So if we only have 1 path between sites,
like we do here between the public networks,
it'll attempt communication on all of them,
but as soon as it finds a valid path between sites,
it will no longer attempt the others.
You won't have the logs.
You won't have the failures that are going to cause a threshold and possibly a failover.
It'll just seamlessly work from that point on.
So that does provide the local resiliency and quality of service at each site.
It's simple, and it's probably what you need for a DR solution.
The other thing I'm going to talk about very briefly
is minimizing downtime during migration.
I'm going to go over this pretty quickly,
just to provide you some context,
and then afterwards, I'll be more than happy to discuss it in a lot of detail.
The first thing I'll say as you move forward into this
is that it is a paradigm shift.
It's not just an upgrade.
You need to rethink your strategy.
You need to rethink your run book.
You need to do a lot of testing
and make sure that you fully understand the scenarios before you go live.

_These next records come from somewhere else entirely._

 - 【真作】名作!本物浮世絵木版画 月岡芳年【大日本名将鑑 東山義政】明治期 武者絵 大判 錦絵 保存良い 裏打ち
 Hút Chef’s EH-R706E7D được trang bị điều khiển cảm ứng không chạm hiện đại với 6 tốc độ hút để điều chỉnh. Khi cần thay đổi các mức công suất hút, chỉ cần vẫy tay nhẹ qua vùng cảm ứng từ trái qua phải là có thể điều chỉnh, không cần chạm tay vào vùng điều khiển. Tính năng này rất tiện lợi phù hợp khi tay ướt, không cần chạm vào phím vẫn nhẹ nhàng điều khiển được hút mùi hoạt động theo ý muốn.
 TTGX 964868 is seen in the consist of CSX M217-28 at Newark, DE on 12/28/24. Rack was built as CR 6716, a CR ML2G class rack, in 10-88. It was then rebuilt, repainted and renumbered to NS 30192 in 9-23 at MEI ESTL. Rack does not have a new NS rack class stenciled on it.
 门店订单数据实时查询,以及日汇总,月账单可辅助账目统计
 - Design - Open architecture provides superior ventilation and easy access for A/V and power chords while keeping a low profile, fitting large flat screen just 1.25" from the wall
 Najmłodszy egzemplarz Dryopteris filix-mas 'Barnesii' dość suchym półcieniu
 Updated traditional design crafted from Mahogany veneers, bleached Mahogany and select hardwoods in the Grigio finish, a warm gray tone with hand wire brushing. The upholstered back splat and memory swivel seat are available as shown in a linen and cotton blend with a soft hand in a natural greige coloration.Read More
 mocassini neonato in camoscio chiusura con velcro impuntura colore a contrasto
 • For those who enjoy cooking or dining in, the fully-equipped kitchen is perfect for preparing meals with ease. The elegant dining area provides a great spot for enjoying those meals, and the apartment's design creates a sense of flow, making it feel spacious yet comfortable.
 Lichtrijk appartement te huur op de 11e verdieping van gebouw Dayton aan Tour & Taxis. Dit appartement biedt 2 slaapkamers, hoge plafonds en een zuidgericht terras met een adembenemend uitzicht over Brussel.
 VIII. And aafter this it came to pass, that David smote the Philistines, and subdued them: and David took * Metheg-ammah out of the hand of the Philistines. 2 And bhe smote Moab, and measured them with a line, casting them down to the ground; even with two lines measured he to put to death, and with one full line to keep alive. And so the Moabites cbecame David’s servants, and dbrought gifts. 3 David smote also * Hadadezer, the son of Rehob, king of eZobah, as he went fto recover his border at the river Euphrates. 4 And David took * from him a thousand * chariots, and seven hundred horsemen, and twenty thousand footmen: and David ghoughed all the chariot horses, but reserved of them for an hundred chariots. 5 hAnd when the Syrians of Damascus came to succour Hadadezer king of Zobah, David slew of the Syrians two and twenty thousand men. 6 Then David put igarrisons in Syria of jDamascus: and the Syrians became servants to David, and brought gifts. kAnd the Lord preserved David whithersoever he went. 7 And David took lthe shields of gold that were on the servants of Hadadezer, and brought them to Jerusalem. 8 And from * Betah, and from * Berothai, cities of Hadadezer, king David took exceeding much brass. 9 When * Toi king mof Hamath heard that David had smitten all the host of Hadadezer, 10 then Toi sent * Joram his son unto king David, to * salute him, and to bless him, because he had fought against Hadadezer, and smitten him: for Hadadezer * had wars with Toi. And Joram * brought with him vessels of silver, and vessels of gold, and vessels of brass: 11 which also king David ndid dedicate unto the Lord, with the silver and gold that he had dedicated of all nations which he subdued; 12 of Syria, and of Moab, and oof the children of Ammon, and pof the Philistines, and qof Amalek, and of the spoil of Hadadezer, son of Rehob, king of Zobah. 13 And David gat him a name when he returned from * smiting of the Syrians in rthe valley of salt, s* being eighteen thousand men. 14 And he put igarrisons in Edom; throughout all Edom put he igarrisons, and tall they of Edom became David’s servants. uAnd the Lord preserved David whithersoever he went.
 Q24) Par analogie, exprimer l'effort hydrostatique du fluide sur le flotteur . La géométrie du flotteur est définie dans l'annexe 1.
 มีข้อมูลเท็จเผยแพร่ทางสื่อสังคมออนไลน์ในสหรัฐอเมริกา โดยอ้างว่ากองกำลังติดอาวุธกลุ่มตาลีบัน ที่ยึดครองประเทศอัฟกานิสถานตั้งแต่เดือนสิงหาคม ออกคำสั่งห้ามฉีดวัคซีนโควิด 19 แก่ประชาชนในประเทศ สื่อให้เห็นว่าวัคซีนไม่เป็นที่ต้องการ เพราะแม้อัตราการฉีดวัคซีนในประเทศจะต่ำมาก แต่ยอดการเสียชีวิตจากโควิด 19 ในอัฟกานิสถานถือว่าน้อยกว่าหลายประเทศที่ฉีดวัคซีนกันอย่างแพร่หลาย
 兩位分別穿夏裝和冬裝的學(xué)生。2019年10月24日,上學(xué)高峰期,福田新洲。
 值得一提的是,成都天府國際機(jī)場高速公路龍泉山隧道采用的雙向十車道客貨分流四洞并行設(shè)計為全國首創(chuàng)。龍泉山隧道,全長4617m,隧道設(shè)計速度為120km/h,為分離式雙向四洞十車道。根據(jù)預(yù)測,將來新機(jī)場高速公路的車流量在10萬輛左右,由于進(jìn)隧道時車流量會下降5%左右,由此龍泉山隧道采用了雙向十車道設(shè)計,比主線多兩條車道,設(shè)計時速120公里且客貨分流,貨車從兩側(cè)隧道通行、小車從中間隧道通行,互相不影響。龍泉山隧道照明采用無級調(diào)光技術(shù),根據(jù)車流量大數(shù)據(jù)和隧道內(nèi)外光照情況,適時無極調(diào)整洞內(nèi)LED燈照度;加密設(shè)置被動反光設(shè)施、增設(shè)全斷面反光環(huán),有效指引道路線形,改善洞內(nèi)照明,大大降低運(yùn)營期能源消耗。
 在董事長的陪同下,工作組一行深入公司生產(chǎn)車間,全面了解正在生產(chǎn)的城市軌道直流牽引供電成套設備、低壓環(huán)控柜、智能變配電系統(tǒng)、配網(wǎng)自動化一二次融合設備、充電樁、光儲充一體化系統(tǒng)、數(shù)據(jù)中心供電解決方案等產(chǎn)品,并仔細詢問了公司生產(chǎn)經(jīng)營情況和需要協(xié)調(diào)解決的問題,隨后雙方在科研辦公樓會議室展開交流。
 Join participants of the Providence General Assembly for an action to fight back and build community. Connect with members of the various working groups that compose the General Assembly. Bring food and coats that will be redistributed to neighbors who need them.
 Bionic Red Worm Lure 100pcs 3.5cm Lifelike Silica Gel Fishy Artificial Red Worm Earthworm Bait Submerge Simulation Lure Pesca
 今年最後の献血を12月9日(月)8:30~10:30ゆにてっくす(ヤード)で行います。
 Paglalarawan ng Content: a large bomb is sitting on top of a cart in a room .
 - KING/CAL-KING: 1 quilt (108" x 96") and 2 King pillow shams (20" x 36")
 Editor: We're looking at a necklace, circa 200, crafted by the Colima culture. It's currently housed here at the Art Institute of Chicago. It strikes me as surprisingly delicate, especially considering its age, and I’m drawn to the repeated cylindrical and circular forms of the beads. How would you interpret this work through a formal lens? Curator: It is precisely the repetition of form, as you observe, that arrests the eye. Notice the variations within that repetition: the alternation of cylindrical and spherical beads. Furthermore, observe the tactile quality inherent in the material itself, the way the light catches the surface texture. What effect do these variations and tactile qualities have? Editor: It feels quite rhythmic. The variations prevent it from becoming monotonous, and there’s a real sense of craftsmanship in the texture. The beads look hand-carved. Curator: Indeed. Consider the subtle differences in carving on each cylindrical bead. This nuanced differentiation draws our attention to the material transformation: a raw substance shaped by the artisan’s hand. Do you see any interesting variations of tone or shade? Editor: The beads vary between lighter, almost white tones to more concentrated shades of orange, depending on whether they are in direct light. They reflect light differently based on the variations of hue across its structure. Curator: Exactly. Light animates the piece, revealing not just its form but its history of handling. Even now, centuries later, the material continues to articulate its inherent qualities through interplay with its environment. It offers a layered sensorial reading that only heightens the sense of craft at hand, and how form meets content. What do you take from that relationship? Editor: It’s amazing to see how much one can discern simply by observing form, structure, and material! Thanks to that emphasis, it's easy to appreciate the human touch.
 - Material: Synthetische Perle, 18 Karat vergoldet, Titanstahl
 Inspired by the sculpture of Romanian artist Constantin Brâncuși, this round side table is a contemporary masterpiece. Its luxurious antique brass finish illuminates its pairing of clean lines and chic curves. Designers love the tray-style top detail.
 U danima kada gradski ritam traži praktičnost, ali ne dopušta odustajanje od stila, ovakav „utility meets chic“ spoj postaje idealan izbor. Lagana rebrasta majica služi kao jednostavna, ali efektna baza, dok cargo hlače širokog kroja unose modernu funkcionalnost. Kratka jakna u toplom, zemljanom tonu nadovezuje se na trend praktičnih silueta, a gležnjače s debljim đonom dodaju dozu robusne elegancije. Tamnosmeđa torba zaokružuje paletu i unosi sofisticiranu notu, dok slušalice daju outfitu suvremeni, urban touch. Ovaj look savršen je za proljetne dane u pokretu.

It's not a new version of database mirroring, as Sanjay said.
It's a new technology, and there are new rules,
and there are new things that you need to take into account.
So test it very thoroughly.
In the case of doing an upgrade—
if you want to do a simple upgrade with minimal downtime,
one way to do that with your current database mirroring topology
is keep your database mirroring in place between sites,
set up a temporary server locally,
set up log shipping between your primary site and that new server—
the new server is SQL Server 2012,
and just walk away—go home for the weekend, enjoy it,
come back whenever you're ready to do the upgrade—
what you do is you first remove database mirroring to the remote site.
So you now have just log shipping to your SQL 2012 instance,
stop log shipping,
turn on database mirroring—all the data's there.
It instantly comes on and starts working.
And then when you're ready to do the upgrade,
you just simply do a failover,
and now SQL 2012 is your primary instance.
Another thing that you want to do
is always use DNS aliases
to abstract your connection strings.
If you do this with your application before you do an upgrade,
nothing changes with your application.
It's still connecting to the same DNS alias.
You just go into DNS, and you point it from old cluster to new cluster,
reboot to maybe remove any connection pooling,
and you're back up and running.
During the database upgrade—
when you first failover to SQL Server 2012
or you do a restore,
the very first thing that will happen is a metadata operation on the databases
to convert the database version itself
to the latest version.
That's something that you need to take into account when you plan for minimal downtime.
It will take some time.
It's generally based on your IO, not on your CPU or memory.
Whatever your IO is,
that's going to effect how quickly you're able to get through that.
So if you're able to take some non-critical databases,
maybe for internal systems that are only used periodically,
fail those over first, let them do the upgrade before you actually take downtime,
that'll decrease your downtime.
And then involve multiple people.
You're going to need lots of people involved as you do the upgrade.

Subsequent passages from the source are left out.